He thought about this, as he quietly spiked his age-mates' food with chiku powder. Thought about it, as the entire band laughed at the blatting noises he made, as people smiled at his dancing, and when he had completed his initiation rites and stood before them as a man, he said, "I will be called Tenko."
3. Diga the Arguer
"We twelve are decided, then?" Tiko said, and everybody looked at Diga, because if Diga wasn't happy with something all of them were going to hear about it for the rest of the year.

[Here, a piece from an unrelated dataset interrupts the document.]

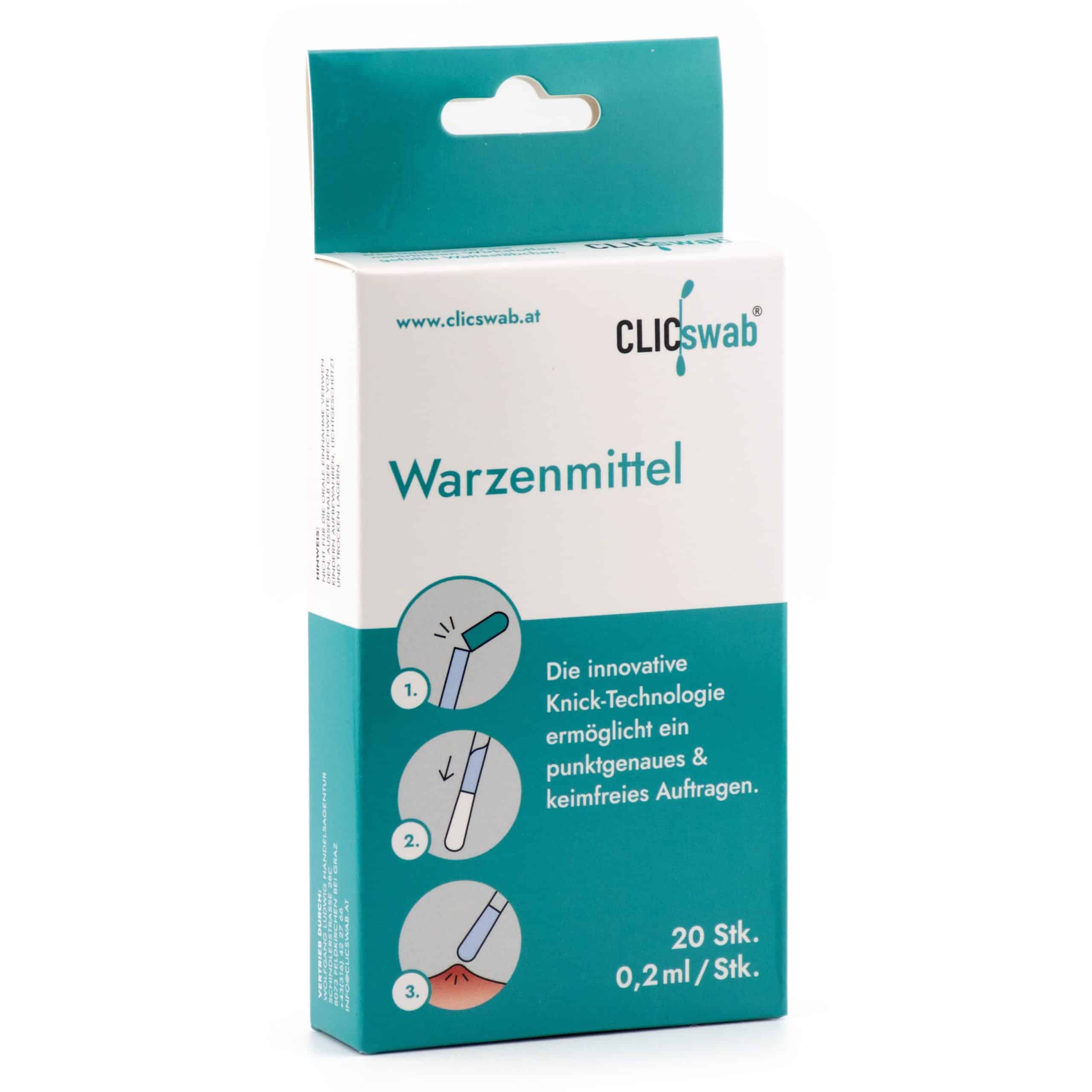 CLICswab® ist in der Regel für die Behandlung von gewöhnlichen Warzen (Verruca vulgaris) und Dornwarzen (Verruca plantaris) geeignet. Bei anderen Warzenarten, wie z.B. Feigwarzen (Condylomata acuminata), sollte vor der Anwendung ein Arzt konsultiert werden.

Diga fiddled with the lace of his shirt. "We must keep in mind," he said, "that we do not create this Council for ourselves, to make our voices heard; nor do we create it to lead the people who sit around fires outside this place waiting for us."
"But--" Dero interrupted, and Chana shushed her.
"We create this council for those who follow us," Diga continued, "and for those who gude us. Think of them, as you consider; you must be sure that Lota, and Garu, and Tenko, and the rest, must all wish for a place in your children's children's world; that they wish to be Eternal."
He picked up his cup, and took a sip, and the only sound was the whirring of the insects in the trees outside the council tent.
"I am certain," Diga said; "Diga says yea to the Council."
4. Lota the Thinker
"I think," Lota said, and oh, Lota's brother thought, here we go again, "I think that it is time for the Council to discuss the question of the tuttleroot."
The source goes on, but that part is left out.